Когда Громов и Воронов зашли в ресторан, торжество уже было в разгаре.
-- Солдатики! - закричал краснорожий Марик. - Ведите солдатиков! Где служишь, братка?
-- Сто двадцать пятая артиллерийская бригада, -- ответил Воронов. Громов молчал, предоставив рядовому выпутываться самостоятельно. Сам попросил жрать, в конце концов.
-- Уважаю! - кричал Марик. - Иди сюда, сладкий, иди, зая! Угостить солдатиков. Федеральчики мои! Я не на вас ставлю, я старая хазарская рожа, да, но в Блатске, вы знаете, нету этого, -- он помахал в воздухе короткопалыми ручками, изображая войну. - Нет этого бардака, все равны. Идите, покушайте, солдат вору - брат! Оба жизнью рискуем, оба баб любим, иди, зая! Клавонька, солнце, обслужи солдатиков. Отощали на перловке, да? Плохо вас Руслик кормит. Я говорил ему: Руслик, сладкий, нельзя так кормить солдата! Шо ты жалеешь на хавчик, шо ты жидишься, как ЖД! Шо ты вкладываешь усе в вооружение? Ведь голодная армия не навоюет много, зая! Надо кормить солдатика, надо хлебушка, маслица… Дети должны кушать, ты понимаешь, Руслик? Нет, Руслик не понимает. Старый ЖД Марик понимает, поэтому у ЖД есть кушать. Принесите им все, и водочки принесите! Ша! Пусть теперь будет музыка!
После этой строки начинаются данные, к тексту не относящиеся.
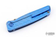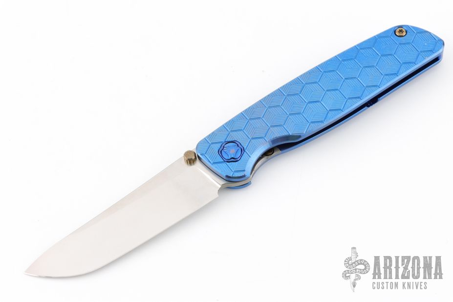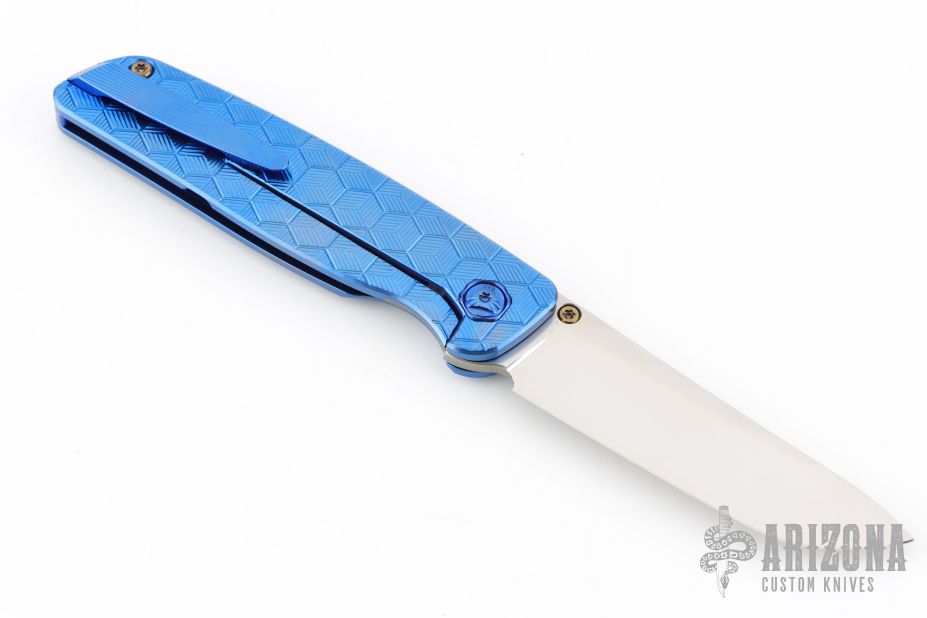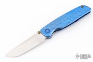 This Cypress by Robjohnsons features a bead blast finished blade with thumbhole, notched thumbrest and flipper. The handle has a milled and anodized titanium frame with anodized titanium backspacer and tip up clip with hidden screws. Rides on bearings, nice detent, lockup and blade seating. Come with original box. Excellent condition.

На эстраде проникновенно запели песню "Букет сирэни". Пел ее шансонье Глум, со сломанным носом, придававшим каждой выпеваемой ноте неповторимую гнусавость. В голосе Глума отвратительней всего было сочетание разнузданности с жалобностью, то есть варяжских интонаций - с хазарскими: он как бы все время жаловался и этим пугал. То же сочетание легко было заметить и в его песнях: блатной там всегда был несчастной жертвой, готовой, однако, уничтожить любого в случае чего при первом косом взгляде. В песне рассказывалось о том, как лирический герой Глума, молодой, но уже безжалостный воренок, украл с кладбища букет сирэни и принес возлюбленной, но возлюбленная, сука, как раз в это время отдавалась его соседу, отвратительному фраеру, -- и первый ее букет стал последним: воренок пописАл обоих, рыдая и, видимо, кончая, потому что какой же вор не кончает при виде крови? - а на трупы положил букет сирэни, потому что кладбищенский цвэток найдет дорогу к трупу. Убитую возлюбленную Глум называл "девочкой" и рыдал по ходу исполнения весьма натурально. Покончив с букетом, он взялся за следующую балладу - то был своеобразный гимн верным воровским подругам. Герой этой баллады все время жаловался на то, что у него напряжены нэрвы, -- оно понятно при такой-то жизни, -- но верная подруга, кроткая, как дерево, мягкая, как пух, снимала с него напряжение. Почему-то они сидели с ней в тавэрне и пили вино, хотя в настоящих тавернах, во времена их расцвета, никто не знал слова "нэрвы". "Ты кисанька пушистая моя!" -- стонал Глум в припеве. Кордебалет кисанек в страусовых перьях выделывал у него за спиной неслыханные антраша.
-- Ша! - воскликнул Глум после этой песни. - Марик, я пою для тебя, и я счастлив, что пою для тебя. Ты человек, Марик, ты из тех людей, про которых никто не скажет, что они несправедливы. Никто из людей, собравшихся здесь, -- Глум широким жестом обвел кордебалет, -- не скажет, шо ты бываешь несправедливый. Ты мужчина, Марик, и держишь слово. Но я хочу выпить за тех, Марик, без кого и самый настоящий мужчина не может прийти в этот грубый мир. Я хочу выпить за родителей, Марик, и особенно за маму!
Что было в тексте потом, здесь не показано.